What you will do:
Among the entries below, only the lines from the one with "А как ты думаешь, о" through the one with "The playground at" are to be retyped, exactly and without pictures.

Task material:
○ ○ ○

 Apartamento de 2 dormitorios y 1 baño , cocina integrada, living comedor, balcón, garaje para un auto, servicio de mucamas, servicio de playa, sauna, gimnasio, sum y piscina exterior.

○ ○ ○

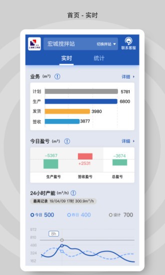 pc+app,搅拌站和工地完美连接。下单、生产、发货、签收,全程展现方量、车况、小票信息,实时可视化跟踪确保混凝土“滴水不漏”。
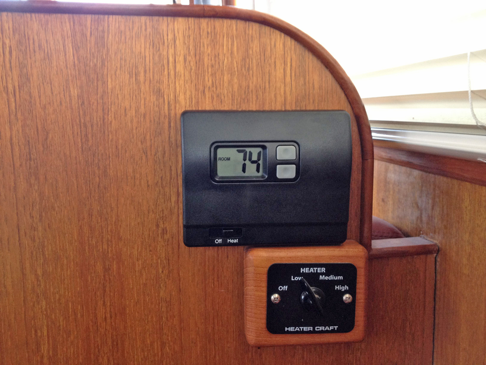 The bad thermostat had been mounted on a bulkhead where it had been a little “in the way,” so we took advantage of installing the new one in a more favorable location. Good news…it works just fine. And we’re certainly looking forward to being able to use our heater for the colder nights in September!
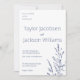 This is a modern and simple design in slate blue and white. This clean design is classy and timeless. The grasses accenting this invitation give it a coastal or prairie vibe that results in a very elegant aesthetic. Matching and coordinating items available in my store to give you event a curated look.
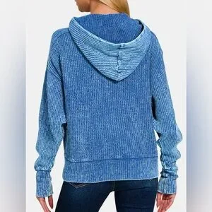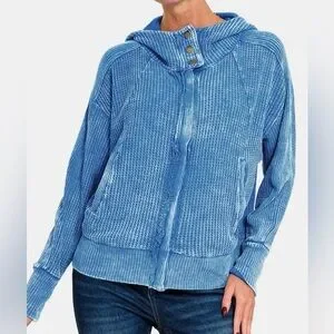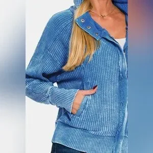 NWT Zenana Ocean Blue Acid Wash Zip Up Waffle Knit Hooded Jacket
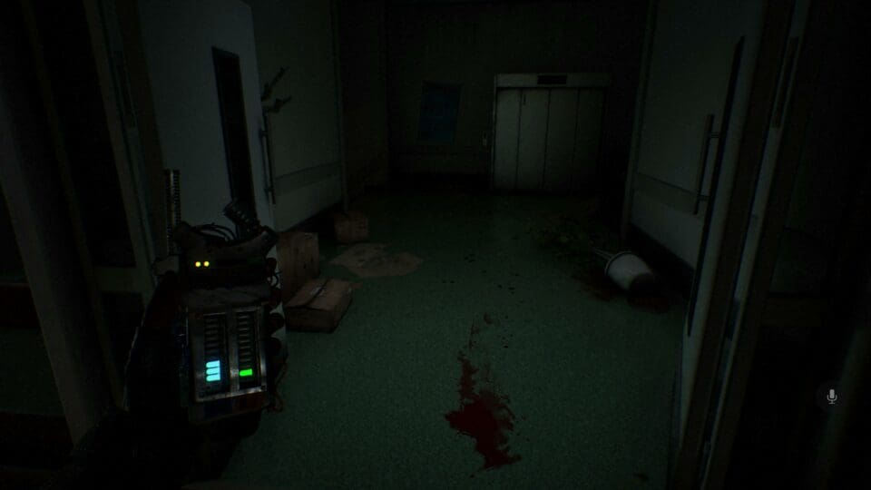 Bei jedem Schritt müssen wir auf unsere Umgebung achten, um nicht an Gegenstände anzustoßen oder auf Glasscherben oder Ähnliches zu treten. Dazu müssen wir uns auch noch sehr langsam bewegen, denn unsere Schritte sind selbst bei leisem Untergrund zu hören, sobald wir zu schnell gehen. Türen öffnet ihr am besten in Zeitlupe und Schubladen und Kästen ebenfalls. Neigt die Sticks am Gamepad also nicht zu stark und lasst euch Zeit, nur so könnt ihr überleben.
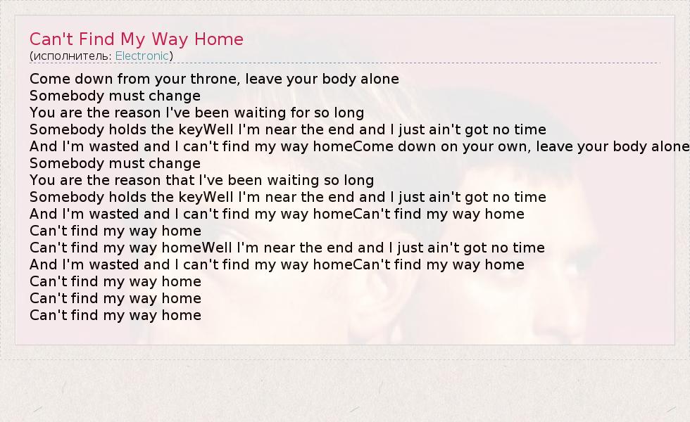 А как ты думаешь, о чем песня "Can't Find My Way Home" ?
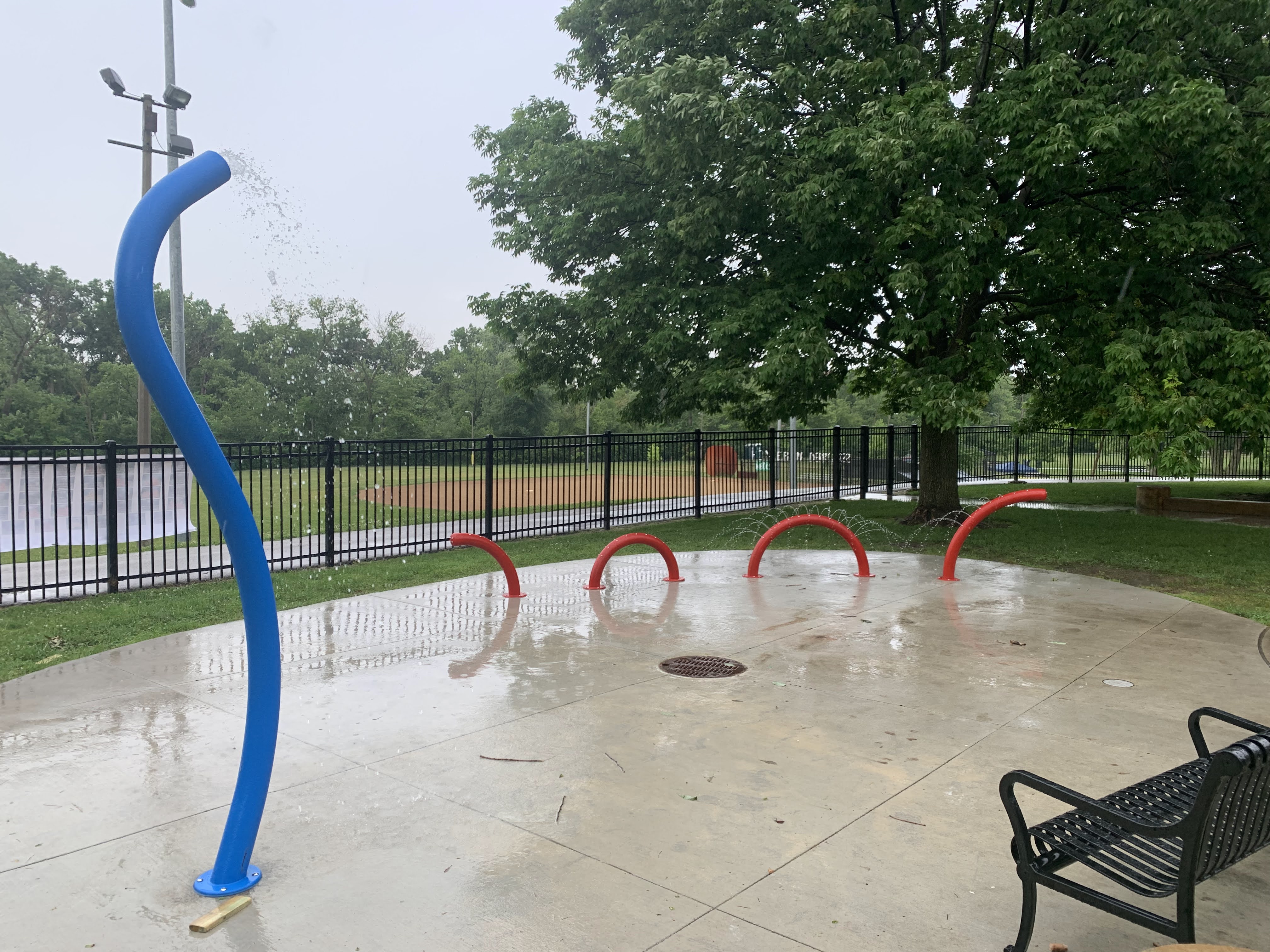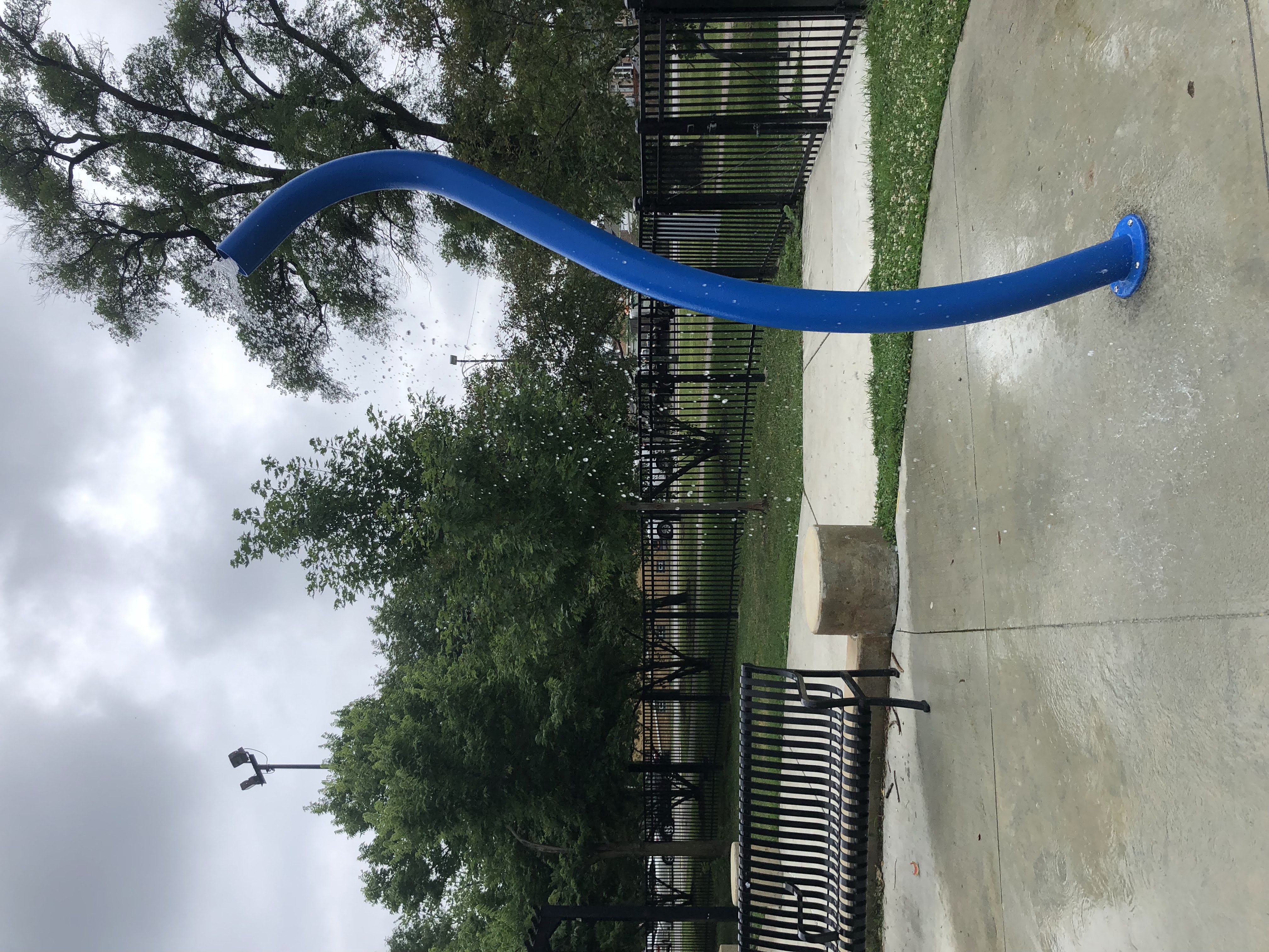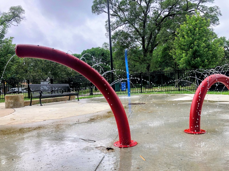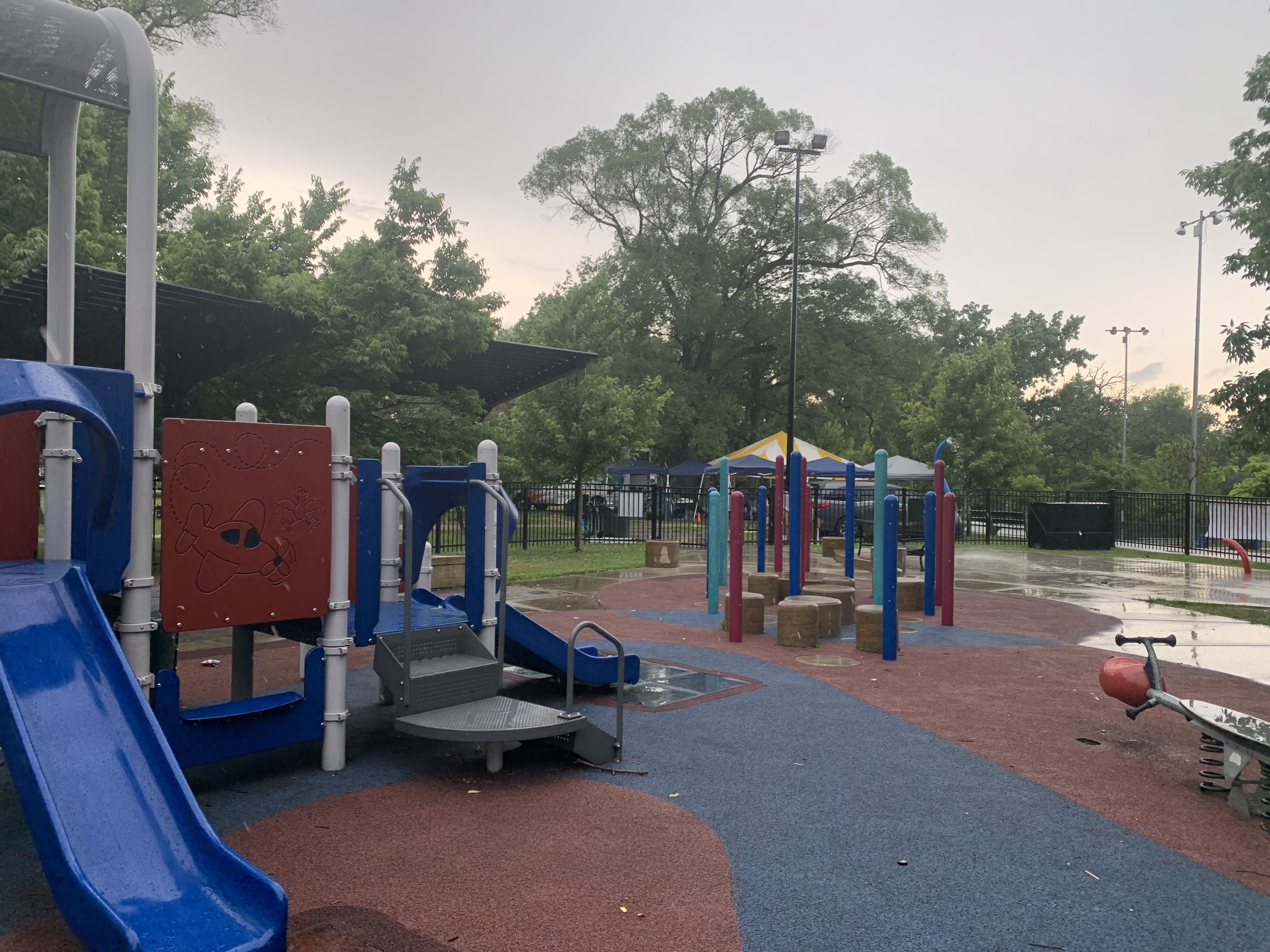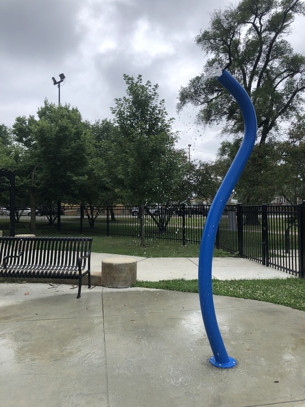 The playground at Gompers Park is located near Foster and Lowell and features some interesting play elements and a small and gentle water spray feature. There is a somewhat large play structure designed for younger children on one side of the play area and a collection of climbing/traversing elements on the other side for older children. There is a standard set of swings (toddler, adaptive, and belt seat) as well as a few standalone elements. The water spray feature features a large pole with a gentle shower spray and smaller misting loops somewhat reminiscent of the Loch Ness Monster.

○ ○ ○

Response box:
 А как ты думаешь, о чем песня "Can't Find My Way Home" ?
 The playground at Gompers Park is located near Foster and Lowell and features some interesting play elements and a small and gentle water spray feature. There is a somewhat large play structure designed for younger children on one side of the play area and a collection of climbing/traversing elements on the other side for older children. There is a standard set of swings (toddler, adaptive, and belt seat) as well as a few standalone elements. The water spray feature features a large pole with a gentle shower spray and smaller misting loops somewhat reminiscent of the Loch Ness Monster.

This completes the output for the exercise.